● Material shown:
>>

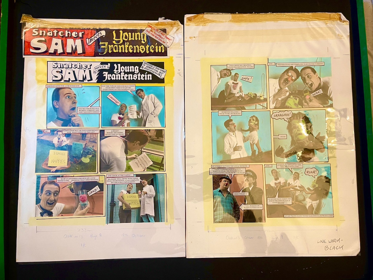 Starring Marc Riley as Snatcher Sam, Ian hand-coloured the strip using photographic dyes. He’d shown the OiNK editors some record covers and promotional band pictures of The Membranes from the early 80s, thinking the style would be a good fit. He would go on to use the technique on a lot of music magazine covers from 1987 onwards and one such image could take a day-and-a-half to colour. It was a difficult task but I’m so happy he took the time to add some of it to OiNK’s pages. Apparently the OiNK team randomly named his work ‘Glechnicolour’, as opposed to Technicolour.
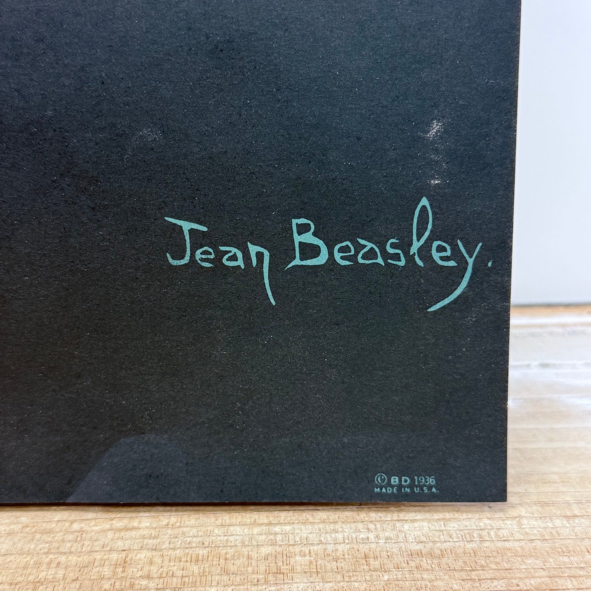 Softly romantic and evocative of 1930s floral illustration, this Jean Beasley “Yellow Roses” lithograph, published in 1936, captures the timeless beauty of blooming garden roses in warm, painterly tones. Printed in the United States and numbered #4185, the composition reflects the gentle realism and decorative sensibility popular in American interiors during the pre-war era. The delicate shading and layered color typical of period lithography give the blossoms depth and warmth, making it a charming addition to cottage, traditional, or vintage-inspired spaces. Offered in good vintage condition with minor wear consistent with age and use, this 1936 BD-published print measures approximately 16” x 12” and retains its classic early 20th-century character.
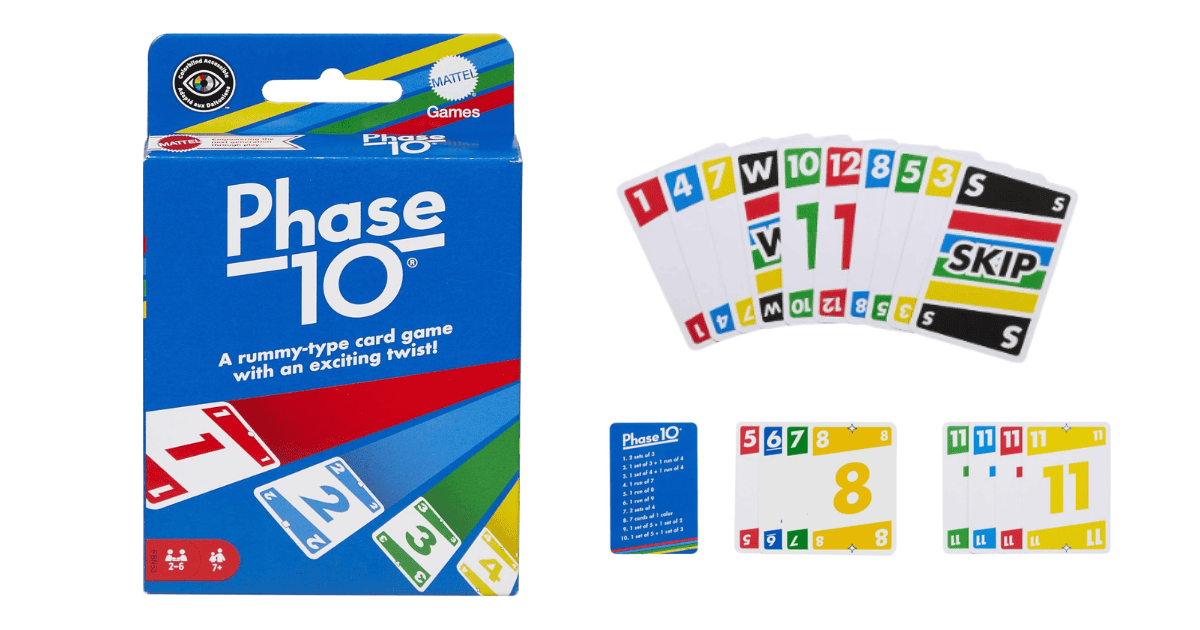 If we’re talking about rummy-style card games that always light up the mood and cost less than $10, Phase 10 should definitely be on the list. In this game, you compete in 10 different phases, which could be collecting sets or other specific card combinations, and you can’t move to the next round without completing the previous. Of course, the rounds become increasingly challenging along the way, which is one of the key elements that make the game fun from start to finish.
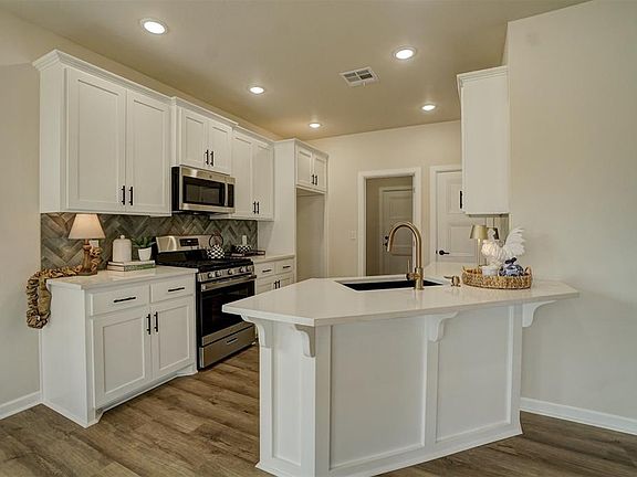 Spring Builder Incentive! $12,000 towards buyer's choice of upgrades or seller paid closing cost. Upgrade options are fence, storm shelter, appliance package, etc. Stunning new construction home, featuring 4 beds/2 baths, designed in a modern craftsman style. From the moment you step inside, you'll be captivated by the bright, open spaces and luxurious finishes. Beautiful white kitchen, equipped with quartz countertops, gas cooktop, & stainless steel appliances. Black granite single bowl sink with a stunning champagne gold faucet. The kitchen also features a pantry and a convenient breakfast bar. Adjacent to the kitchen, the laundry/mud room offers practicality with its black built-in bench with drawers and additional built-in cabinets. Living room has a cozy corner fireplace, overlooks a huge covered patio, providing the perfect space for indoor-outdoor living.Modern wood luxury vinyl plank (LVP) flooring runs seamlessly through all living areas, enhancing the sense of luxury and providing a cohesive design.
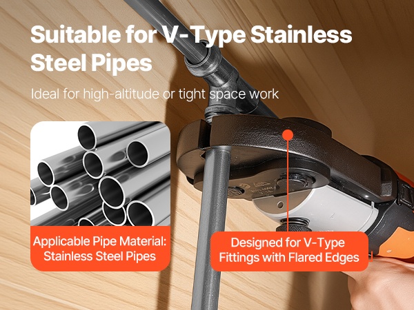 Sopii V-tyypin, eurooppalaisen standardin ruostumattomille teräsputkille. V-tyypin liittimissä tulee olla levennetyt reunat, jotta puristus on oikea, tarkka ja tiivis.
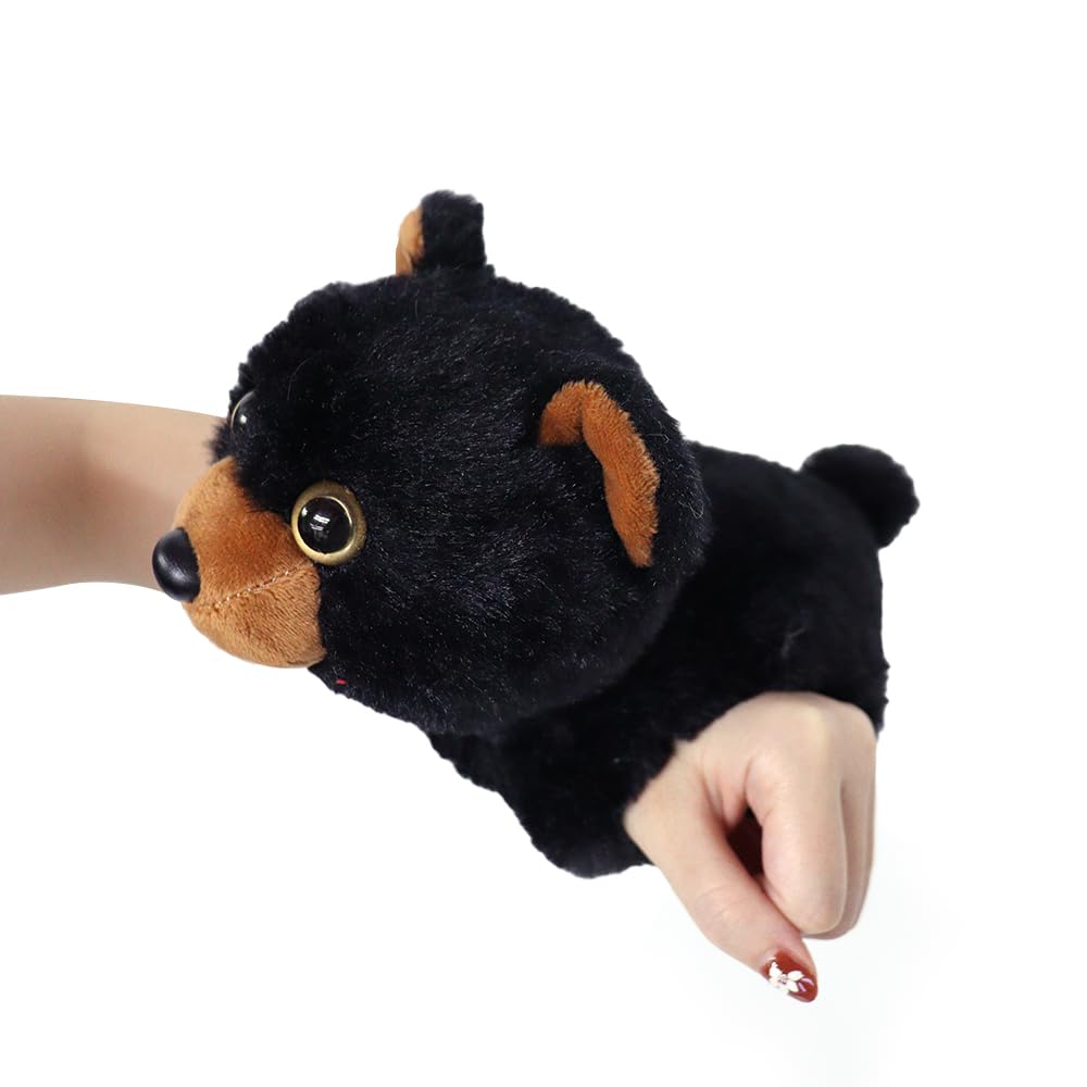 The Petting Zoo Black Bear Stuffed Animal Plushie Slap Bracelet, Gifts for Kids, Slapstix Wildlife Animals, Bear Plush Toy, 10 inches
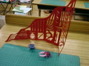 | 切り抜き、折り返しなど、どんどん思いつき ます。 教師の参考作品があると、イメージがわきや すいようです。 まねをして、そこから高めていくという道すじ がよいようです。 |
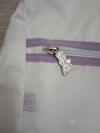 Stupenda borsa-zainetto monospalla con tasca portacellulare marca Onyx. Bianco con bordi e decorazioni con farfalle lilla.
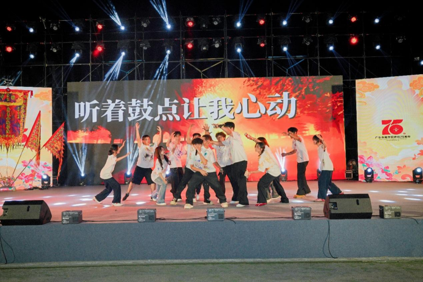 晚会以“宏开新业 峥嵘岁月”“弦歌不辍 勇立潮头”“薪火相传 开创未来” 三个篇章展开,通过朗诵、舞蹈、歌唱、乐器演奏等多种形式,将艺术表演与学校历史、办学特色、育人使命深度融合,既生动展现了广金人的奋斗与拼搏,又表达了对未来的美好憧憬,让观众在视听盛宴中产生情感共鸣。
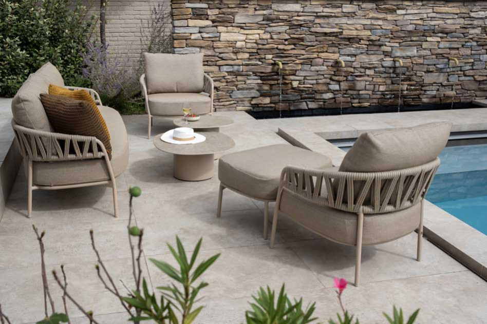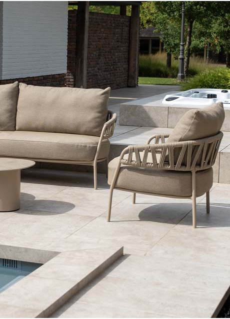 | Korte omschrijving | De Calma latte stoel-bank loungeset is een comfortabele loungeset voor buiten, ontworpen voor ontspannen zomerdagen in de tuin of op het terras. De set bestaat uit een ruime bank en twee bijpassende loungestoelen met elegante ronde vormen en een aluminium frame omhuld met rope, wat zorgt voor een warme en chique uitstraling. De dikke kussens bieden optimaal zitcomfort en maken lange momenten van loungen uitermate aangenaam. Dankzij het gebruik van weerbestendige materialen is deze Calma loungeset geschikt voor langdurig buitengebruik.De lichte latte-kleur versterkt de zomerse sfeer en laat de loungeset moeiteloos aansluiten bij diverse tuinstijlen, ideaal voor wie optimaal wil genieten van het buitenleven. |
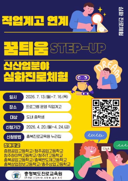 (포탈뉴스통신) 충청북도교육청 직속기관 진로교육원은 미래 신산업 분야에 대한 학생들의 진로설계 역량을 높이기 위해 '2026. 꿈틔움 STEP-UP 직업계고 연계 신산업 분야 심화 진로체험'을 운영한다고 밝혔다.
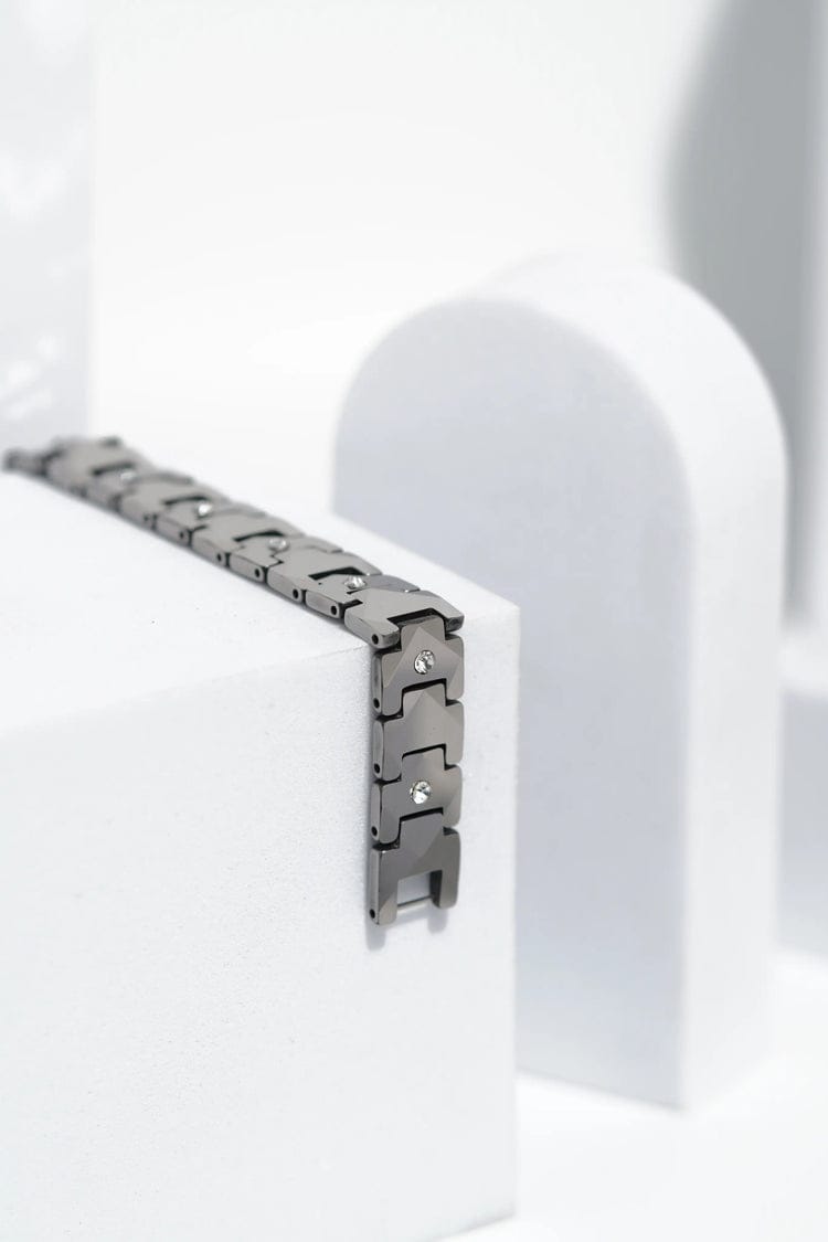 This modern and sophisticated Link Bracelet features solid, interlocking chevron-style links in a sleek Gunmetal tone. Several links are accented with small, strategically placed Clear Cubic Zirconia Simulants, giving the design subtle sparkle and flair.
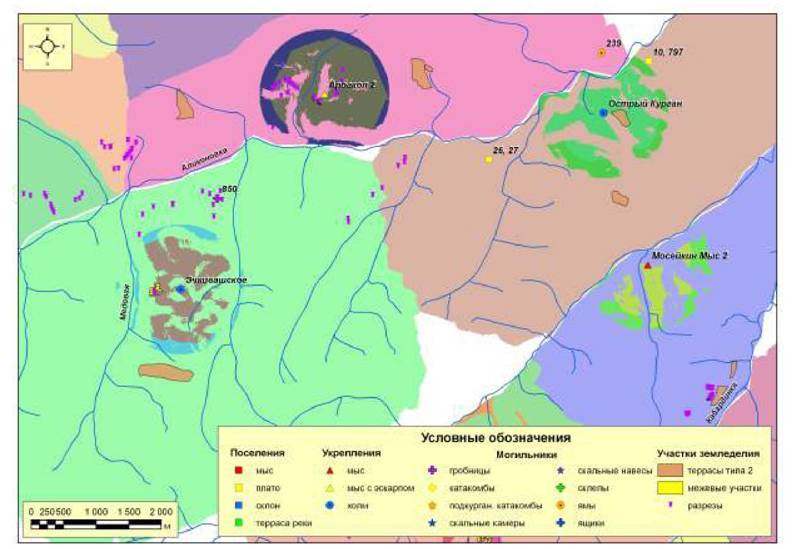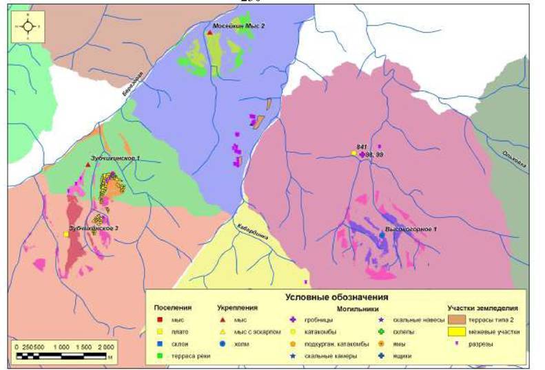 Рис. 229. Распределение поселений Кисловодской котловины второго
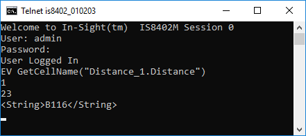 The In-Sight sensor returns 1 to indicate that the command was executed successfully. The number of characters (in bytes) is followed by the cell location.

<<

Repeat everything in the records above exactly; pictures are not part of the copy.

 Starring Marc Riley as Snatcher Sam, Ian hand-coloured the strip using photographic dyes. He’d shown the OiNK editors some record covers and promotional band pictures of The Membranes from the early 80s, thinking the style would be a good fit. He would go on to use the technique on a lot of music magazine covers from 1987 onwards and one such image could take a day-and-a-half to colour. It was a difficult task but I’m so happy he took the time to add some of it to OiNK’s pages. Apparently the OiNK team randomly named his work ‘Glechnicolour’, as opposed to Technicolour.
 Softly romantic and evocative of 1930s floral illustration, this Jean Beasley “Yellow Roses” lithograph, published in 1936, captures the timeless beauty of blooming garden roses in warm, painterly tones. Printed in the United States and numbered #4185, the composition reflects the gentle realism and decorative sensibility popular in American interiors during the pre-war era. The delicate shading and layered color typical of period lithography give the blossoms depth and warmth, making it a charming addition to cottage, traditional, or vintage-inspired spaces. Offered in good vintage condition with minor wear consistent with age and use, this 1936 BD-published print measures approximately 16” x 12” and retains its classic early 20th-century character.
 If we’re talking about rummy-style card games that always light up the mood and cost less than $10, Phase 10 should definitely be on the list. In this game, you compete in 10 different phases, which could be collecting sets or other specific card combinations, and you can’t move to the next round without completing the previous. Of course, the rounds become increasingly challenging along the way, which is one of the key elements that make the game fun from start to finish.
 Spring Builder Incentive! $12,000 towards buyer's choice of upgrades or seller paid closing cost. Upgrade options are fence, storm shelter, appliance package, etc. Stunning new construction home, featuring 4 beds/2 baths, designed in a modern craftsman style. From the moment you step inside, you'll be captivated by the bright, open spaces and luxurious finishes. Beautiful white kitchen, equipped with quartz countertops, gas cooktop, & stainless steel appliances. Black granite single bowl sink with a stunning champagne gold faucet. The kitchen also features a pantry and a convenient breakfast bar. Adjacent to the kitchen, the laundry/mud room offers practicality with its black built-in bench with drawers and additional built-in cabinets. Living room has a cozy corner fireplace, overlooks a huge covered patio, providing the perfect space for indoor-outdoor living.Modern wood luxury vinyl plank (LVP) flooring runs seamlessly through all living areas, enhancing the sense of luxury and providing a cohesive design.
 Sopii V-tyypin, eurooppalaisen standardin ruostumattomille teräsputkille. V-tyypin liittimissä tulee olla levennetyt reunat, jotta puristus on oikea, tarkka ja tiivis.
 The Petting Zoo Black Bear Stuffed Animal Plushie Slap Bracelet, Gifts for Kids, Slapstix Wildlife Animals, Bear Plush Toy, 10 inches
 | 切り抜き、折り返しなど、どんどん思いつき ます。 教師の参考作品があると、イメージがわきや すいようです。 まねをして、そこから高めていくという道すじ がよいようです。 |
 Stupenda borsa-zainetto monospalla con tasca portacellulare marca Onyx. Bianco con bordi e decorazioni con farfalle lilla.
 晚会以“宏开新业 峥嵘岁月”“弦歌不辍 勇立潮头”“薪火相传 开创未来” 三个篇章展开,通过朗诵、舞蹈、歌唱、乐器演奏等多种形式,将艺术表演与学校历史、办学特色、育人使命深度融合,既生动展现了广金人的奋斗与拼搏,又表达了对未来的美好憧憬,让观众在视听盛宴中产生情感共鸣。
 | Korte omschrijving | De Calma latte stoel-bank loungeset is een comfortabele loungeset voor buiten, ontworpen voor ontspannen zomerdagen in de tuin of op het terras. De set bestaat uit een ruime bank en twee bijpassende loungestoelen met elegante ronde vormen en een aluminium frame omhuld met rope, wat zorgt voor een warme en chique uitstraling. De dikke kussens bieden optimaal zitcomfort en maken lange momenten van loungen uitermate aangenaam. Dankzij het gebruik van weerbestendige materialen is deze Calma loungeset geschikt voor langdurig buitengebruik.De lichte latte-kleur versterkt de zomerse sfeer en laat de loungeset moeiteloos aansluiten bij diverse tuinstijlen, ideaal voor wie optimaal wil genieten van het buitenleven. |
 (포탈뉴스통신) 충청북도교육청 직속기관 진로교육원은 미래 신산업 분야에 대한 학생들의 진로설계 역량을 높이기 위해 '2026. 꿈틔움 STEP-UP 직업계고 연계 신산업 분야 심화 진로체험'을 운영한다고 밝혔다.
 This modern and sophisticated Link Bracelet features solid, interlocking chevron-style links in a sleek Gunmetal tone. Several links are accented with small, strategically placed Clear Cubic Zirconia Simulants, giving the design subtle sparkle and flair.
 Рис. 229. Распределение поселений Кисловодской котловины второго
 The In-Sight sensor returns 1 to indicate that the command was executed successfully. The number of characters (in bytes) is followed by the cell location.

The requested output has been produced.